Word deletion rate on quiet primary speakers: This is the number we're most careful about overstating. The model applies a gain mask rather than hard gating, so quieter speech gets enhanced rather than cut. But at very low SNR with a louder competing speaker, your exact third scenario — the deletion risk does go up. We have internal WER benchmarks, but I'd rather you run your own stress clips on your own audio than take our word for it. Which brings me to your actual point.
False retention when the second speaker is louder than the caller: Genuinely the hardest case. We trained specifically for this, 60% of the training samples had a competing human voice, but "louder than the primary caller" is the stress condition where we'd want your numbers, not just ours.
The open-source release is precisely for this reason. The weights, runtime, and training config are all on GitHub. Run your worst clips. Break it. That feedback is worth more to us than any benchmark we self-report.
Drop your findings here or open an issue we're actively watching both.
Hush
Hey Product Hunt! I'm @lordhasanali , CEO of weya AI.
We watched great voice AI fail in production, over and over, not because of the model, but because of the audio. Noisy environments, competing voices, background hum. Nobody was solving this properly, so we did.
Introducing Hush, our first in-house open-source speech enhancement model, which:
• Isolates the primary speaker and removes everything else in real time
• Runs entirely on CPU, under 1ms per frame - no GPU needed
• Language-agnostic - works across all spoken languages out of the box
• Apache 2.0 - free to use in production today
We launched at #5 on HuggingFace's Audio-to-Audio leaderboard, and this is just the start.

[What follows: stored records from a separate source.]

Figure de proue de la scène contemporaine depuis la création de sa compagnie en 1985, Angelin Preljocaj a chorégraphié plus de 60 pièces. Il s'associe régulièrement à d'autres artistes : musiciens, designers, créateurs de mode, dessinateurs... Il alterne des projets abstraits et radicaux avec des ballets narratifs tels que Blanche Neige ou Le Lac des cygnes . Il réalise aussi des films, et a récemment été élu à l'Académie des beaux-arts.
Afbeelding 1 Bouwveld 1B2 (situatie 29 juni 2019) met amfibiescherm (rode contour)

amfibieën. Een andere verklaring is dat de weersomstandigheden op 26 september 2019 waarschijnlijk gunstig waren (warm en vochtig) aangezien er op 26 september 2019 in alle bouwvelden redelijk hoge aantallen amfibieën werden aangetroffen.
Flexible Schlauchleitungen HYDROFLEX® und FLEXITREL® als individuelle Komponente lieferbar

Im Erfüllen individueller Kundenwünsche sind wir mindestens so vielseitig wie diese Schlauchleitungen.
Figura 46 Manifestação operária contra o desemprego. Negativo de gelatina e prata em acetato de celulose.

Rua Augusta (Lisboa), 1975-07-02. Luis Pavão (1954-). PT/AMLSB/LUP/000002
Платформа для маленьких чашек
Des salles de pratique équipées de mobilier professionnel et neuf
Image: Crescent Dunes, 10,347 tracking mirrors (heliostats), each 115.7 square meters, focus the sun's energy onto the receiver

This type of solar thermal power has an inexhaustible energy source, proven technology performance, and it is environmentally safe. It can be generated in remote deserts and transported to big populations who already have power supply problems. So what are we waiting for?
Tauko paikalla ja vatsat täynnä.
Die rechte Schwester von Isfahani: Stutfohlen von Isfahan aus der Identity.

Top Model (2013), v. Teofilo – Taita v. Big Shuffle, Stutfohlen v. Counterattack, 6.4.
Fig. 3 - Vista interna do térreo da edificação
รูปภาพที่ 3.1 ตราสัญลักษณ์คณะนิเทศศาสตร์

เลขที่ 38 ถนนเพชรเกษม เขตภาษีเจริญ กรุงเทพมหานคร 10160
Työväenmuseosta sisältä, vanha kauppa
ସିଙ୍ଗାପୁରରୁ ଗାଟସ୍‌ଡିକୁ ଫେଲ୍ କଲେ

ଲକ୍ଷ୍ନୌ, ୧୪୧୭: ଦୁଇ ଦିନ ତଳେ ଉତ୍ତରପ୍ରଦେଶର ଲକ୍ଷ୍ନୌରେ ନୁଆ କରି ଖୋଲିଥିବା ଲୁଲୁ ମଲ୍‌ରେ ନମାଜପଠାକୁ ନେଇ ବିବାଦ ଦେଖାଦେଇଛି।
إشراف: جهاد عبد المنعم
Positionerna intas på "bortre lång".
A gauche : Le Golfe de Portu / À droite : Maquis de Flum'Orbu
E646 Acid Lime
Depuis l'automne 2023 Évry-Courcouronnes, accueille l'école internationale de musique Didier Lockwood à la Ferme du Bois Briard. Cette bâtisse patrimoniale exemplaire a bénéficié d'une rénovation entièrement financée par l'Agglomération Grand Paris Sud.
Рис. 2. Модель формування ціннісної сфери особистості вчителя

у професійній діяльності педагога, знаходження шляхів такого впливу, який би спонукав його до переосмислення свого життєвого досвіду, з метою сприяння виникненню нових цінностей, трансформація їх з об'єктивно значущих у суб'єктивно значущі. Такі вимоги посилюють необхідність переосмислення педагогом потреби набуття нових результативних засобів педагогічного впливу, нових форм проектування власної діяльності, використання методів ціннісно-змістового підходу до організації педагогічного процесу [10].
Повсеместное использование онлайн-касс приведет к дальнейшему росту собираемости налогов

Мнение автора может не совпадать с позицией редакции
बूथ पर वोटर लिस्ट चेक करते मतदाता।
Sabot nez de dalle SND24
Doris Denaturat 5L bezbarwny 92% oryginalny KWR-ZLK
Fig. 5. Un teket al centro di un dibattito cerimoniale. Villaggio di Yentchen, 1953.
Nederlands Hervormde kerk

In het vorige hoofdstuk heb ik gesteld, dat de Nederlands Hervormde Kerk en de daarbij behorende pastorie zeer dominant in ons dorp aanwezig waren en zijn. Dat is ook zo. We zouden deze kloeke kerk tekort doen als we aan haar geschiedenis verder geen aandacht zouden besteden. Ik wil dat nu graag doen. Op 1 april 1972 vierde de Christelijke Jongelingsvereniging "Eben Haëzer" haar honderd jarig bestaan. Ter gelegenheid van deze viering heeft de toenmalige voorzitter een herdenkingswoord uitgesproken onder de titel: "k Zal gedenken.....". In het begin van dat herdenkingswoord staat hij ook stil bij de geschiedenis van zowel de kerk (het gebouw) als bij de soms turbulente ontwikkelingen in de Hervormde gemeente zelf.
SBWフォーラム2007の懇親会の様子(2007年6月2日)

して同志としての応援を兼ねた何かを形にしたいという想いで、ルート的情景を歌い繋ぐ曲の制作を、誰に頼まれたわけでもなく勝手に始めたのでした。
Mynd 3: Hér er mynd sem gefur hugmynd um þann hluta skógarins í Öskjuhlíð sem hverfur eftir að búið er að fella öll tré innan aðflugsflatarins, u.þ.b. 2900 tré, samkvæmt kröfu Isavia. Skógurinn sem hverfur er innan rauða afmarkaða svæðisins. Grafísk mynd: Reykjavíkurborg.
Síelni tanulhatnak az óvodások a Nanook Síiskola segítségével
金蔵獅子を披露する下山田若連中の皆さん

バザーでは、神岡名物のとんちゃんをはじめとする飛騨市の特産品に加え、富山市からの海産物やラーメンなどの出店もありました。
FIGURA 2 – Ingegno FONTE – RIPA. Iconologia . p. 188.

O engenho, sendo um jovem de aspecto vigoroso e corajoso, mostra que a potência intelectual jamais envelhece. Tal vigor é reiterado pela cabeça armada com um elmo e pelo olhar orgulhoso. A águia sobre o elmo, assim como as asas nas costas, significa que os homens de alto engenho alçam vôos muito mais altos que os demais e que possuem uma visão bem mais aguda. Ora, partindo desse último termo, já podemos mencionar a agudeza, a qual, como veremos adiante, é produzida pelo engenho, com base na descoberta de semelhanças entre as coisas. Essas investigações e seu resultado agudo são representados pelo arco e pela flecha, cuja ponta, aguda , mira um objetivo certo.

We'll be here all day answering questions. Try it, break it, and let us know what you think!
Sub-ms matters because voice UX breaks when the audio path gets clever but slow. The edge case I would watch is the handoff between suppression and downstream turn detection; a clean stream is useful only if it preserves the timing signals.
Hush
@krekeltronics Exactly right, and this is an underappreciated failure mode in most voice AI stacks.
Hush processes in 10ms frames and preserves frame boundaries cleanly through the pipeline, so the timing signals VAD and turn detection rely on stay intact. We specifically avoided any lookahead buffering that would smear those boundaries, because we saw firsthand how that breaks turn-taking on live calls.
The gain mask approach also helps here since we're not hard-gating or dropping frames, silence and trailing speech edges are preserved naturally rather than getting clipped in ways that confuse downstream turn detection.
It's something we'll be stress-testing explicitly in v2. Keen to hear if you've seen specific failure patterns worth designing against.